- WHAT IS REQUIRED
When you reach the line with "干燥強度:針對不同物料及不同的加熱溫度,干燥強度在30-50kg H2O/hm 之間。" in the records below, begin transcribing exactly and continue up to and including the line with "Расположение перелива: сливное", leaving out every picture.

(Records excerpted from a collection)
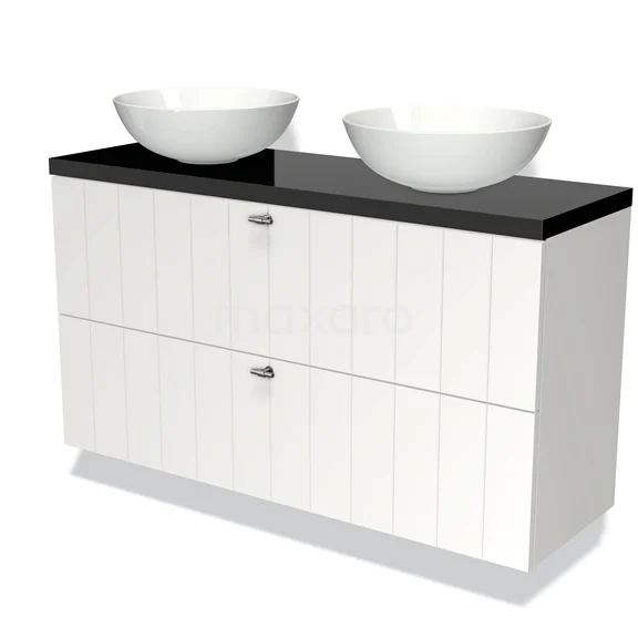 Modulo Plato Slim Badmöbel mit Aufsatzwaschbecken | 120 cm Matt Weiß Lamelle front Hochglanz Schwarz blatt 2 übereinanderliegende Schubladen
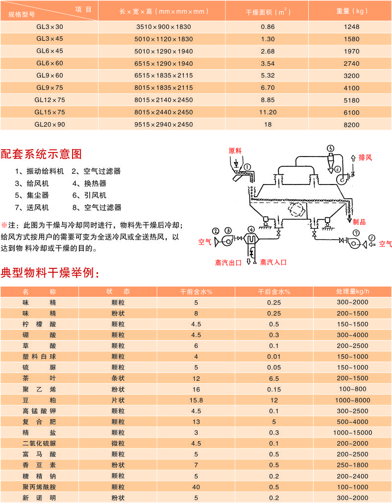 干燥強度:針對不同物料及不同的加熱溫度,干燥強度在30-50kg H2O/hm 之間。
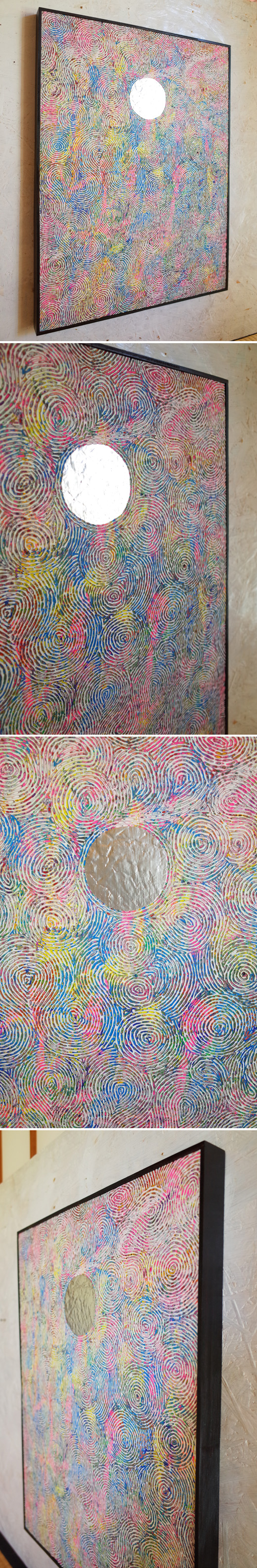 金、銀、黒のサークルは、太陽や月もしくは日食に見えるかもしれない。
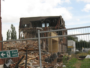 The previous page showed the works in 2002, now six years later in 2008 Ekco really have ended their presence in Southend. These photos were taken on August 13th 2008, and show the demolition of the factory in progress. At this point the offices block facing the main road has been largely demolished, just each end of the block remains. The picture below left shows one of the industrial workshops which were behind the main offices block, itself partially demolished. The picture below right shows the impressive stone main entrance, still standing amongst all the rubble surrounding it. The end of an era, but fortunately we still have many examples surviving of the groundbreaking radios built in the works to remind us of Ekco's contribution to the British Radio industry. The land has now become a housing estate.
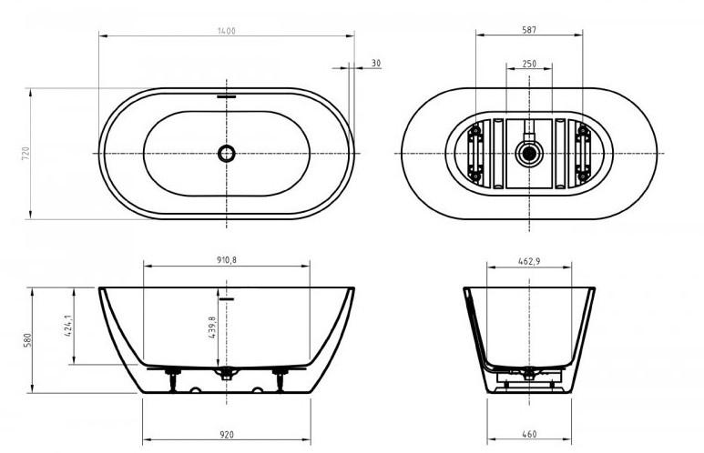 Расположение перелива: сливное отверстие посередине дна ванны стандартно
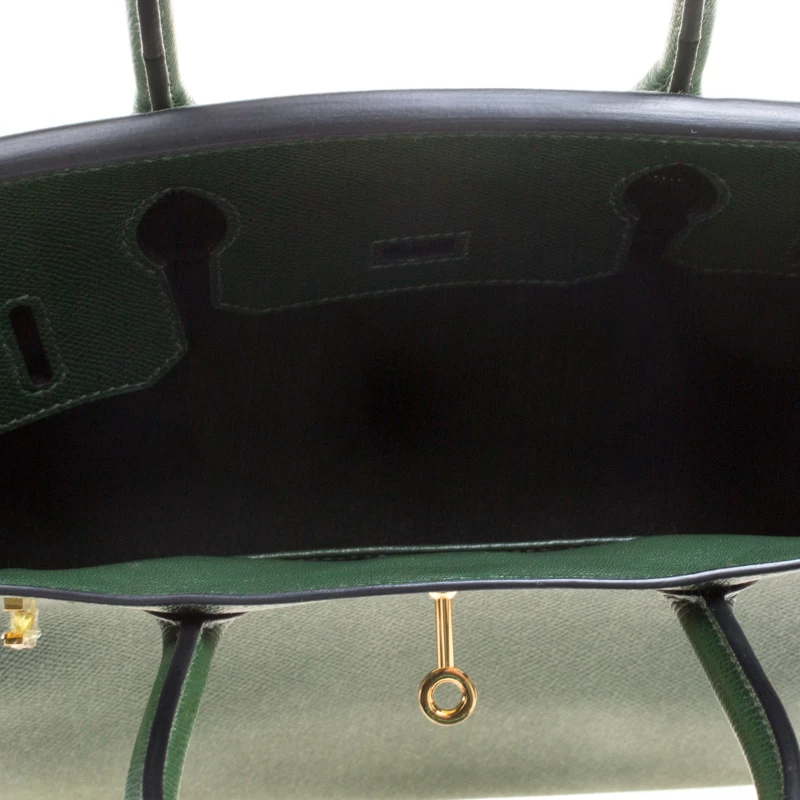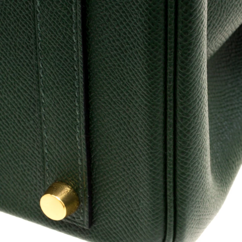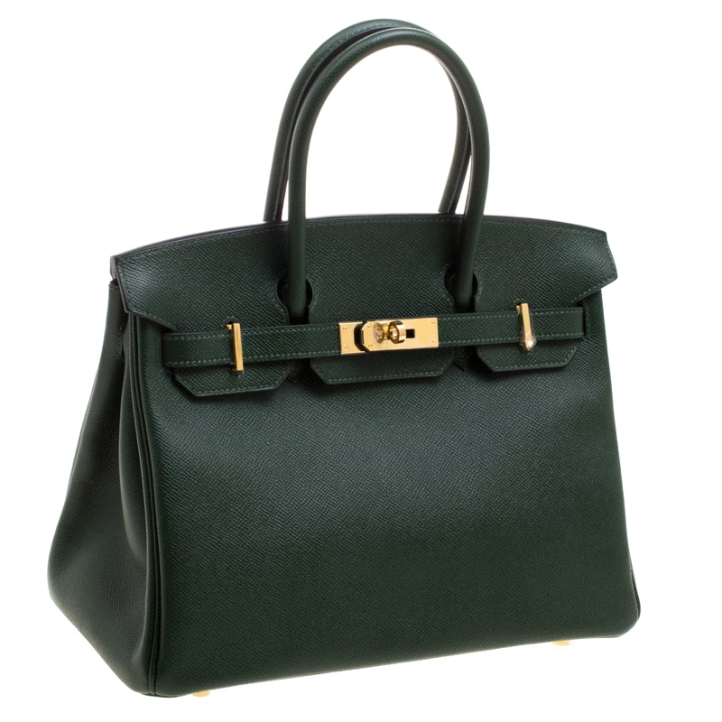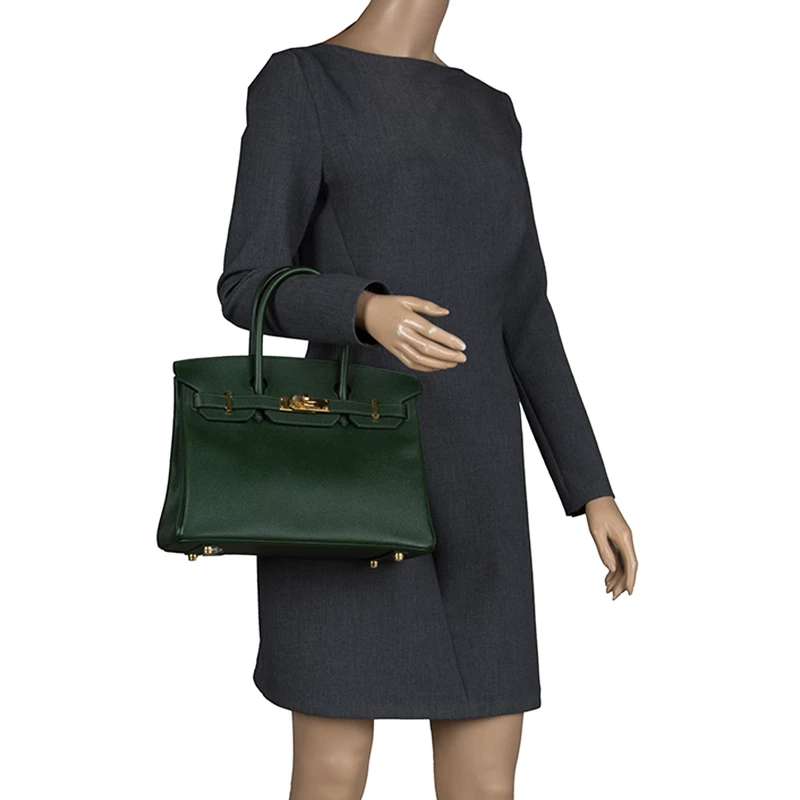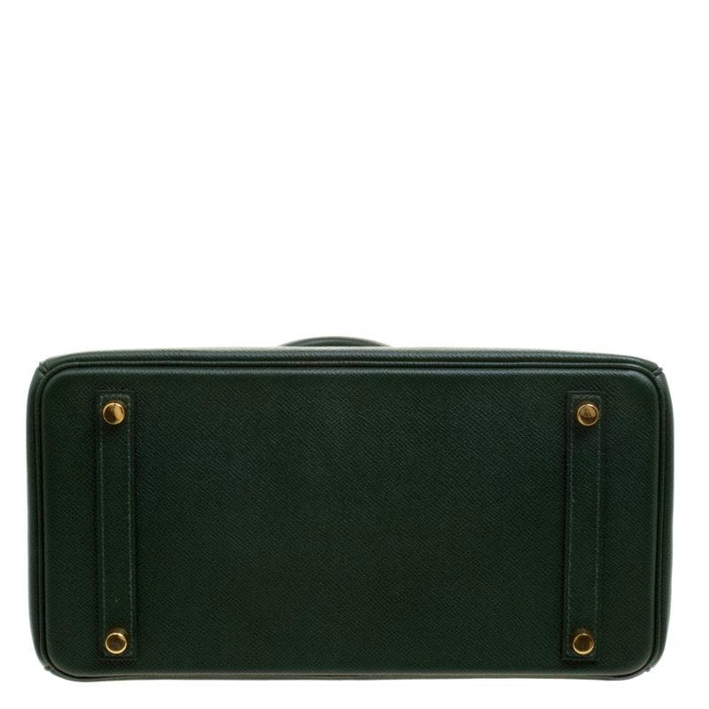 Hermes Birkin is one of the most desired handbags in the world. Handcrafted from the highest quality of leather by skilled artisans, it takes over 18 hours of rigorous effort to stitch a Birkin together. Crafted in France from green Epsom leather the beautiful bag is completed with dual top handles, gold-tone hardware, a padlock with its keys within the clochette, and protective feet at the bottom. The luxurious Birkin 30 has a spacious interior to hold all your daily necessities. The history and handiwork that comes with a Birkin profoundly elevate its value as a work of art and not just as a handbag. Durable and resistant to wear, the Birkin is a heritage that can last many years.
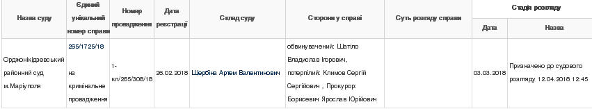 8 ноября 2016 года следствие сообщило о подозрении бойцу "Азова", ранее не судимому 20-летнему уроженцу Чернигова Владиславу Шатило. Он служил санитаром 2-го отделения взвода разведки специального назначения 1-го батальона оперативного назначения отдельного отряда специального назначения "Азов".
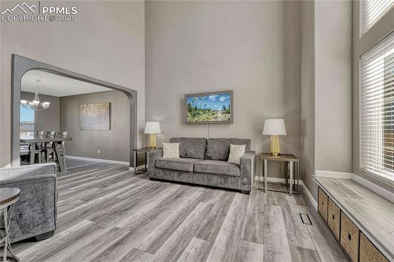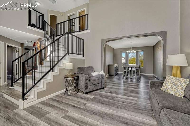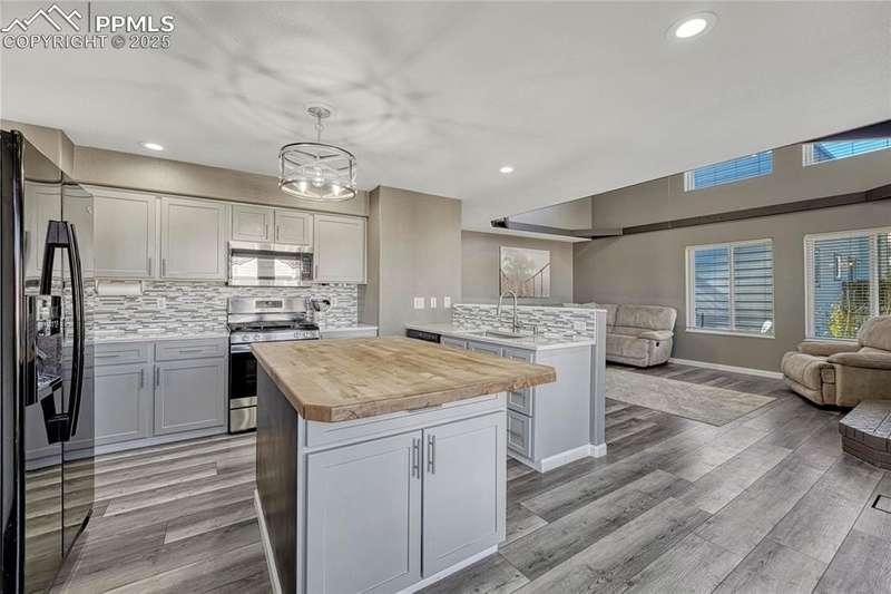 This updated two-story offers abundant natural light, a functional layout for entertaining, and a resort-style primary suite. The open kitchen flows seamlessly onto a massive composite deck, creating the perfect indoor-outdoor connection for gatherings of any size. Inside, you’ll appreciate the vaulted ceilings, modern metal railings, and new LVP flooring throughout the main level. The formal living and dining areas transition into an open-concept kitchen and family room anchored by a gas fireplace. The kitchen features quartz countertops, a butcher-block island, mosaic tile backsplash, pantry, and stainless gas range. A main-level flex room serves well as an office or playroom. Upstairs, the vaulted primary suite is a true retreat with a walk-in closet and a spacious bath featuring dual vanities and an oversized dual-head shower. Two additional bedrooms, a full bath, and laundry round out the upper level. The walk-out basement expands your options with new carpet in the large family room, two conforming bedrooms, a stylish ¾ bath, and a kitchenette for snacks, drinks, or guest use. Outside, enjoy the composite deck with metal frame, lower patio, mature trees, fenced yard, and plenty of room to garden or play. The 3-car garage provides space for vehicles, storage, or a workshop—and a new roof will be installed prior to closing. This well-designed, move-in ready home checks all the boxes.

- EXERCISE ANSWER
 干燥強度:針對不同物料及不同的加熱溫度,干燥強度在30-50kg H2O/hm 之間。
 金、銀、黒のサークルは、太陽や月もしくは日食に見えるかもしれない。
 The previous page showed the works in 2002, now six years later in 2008 Ekco really have ended their presence in Southend. These photos were taken on August 13th 2008, and show the demolition of the factory in progress. At this point the offices block facing the main road has been largely demolished, just each end of the block remains. The picture below left shows one of the industrial workshops which were behind the main offices block, itself partially demolished. The picture below right shows the impressive stone main entrance, still standing amongst all the rubble surrounding it. The end of an era, but fortunately we still have many examples surviving of the groundbreaking radios built in the works to remind us of Ekco's contribution to the British Radio industry. The land has now become a housing estate.
 Расположение перелива: сливное отверстие посередине дна ванны стандартно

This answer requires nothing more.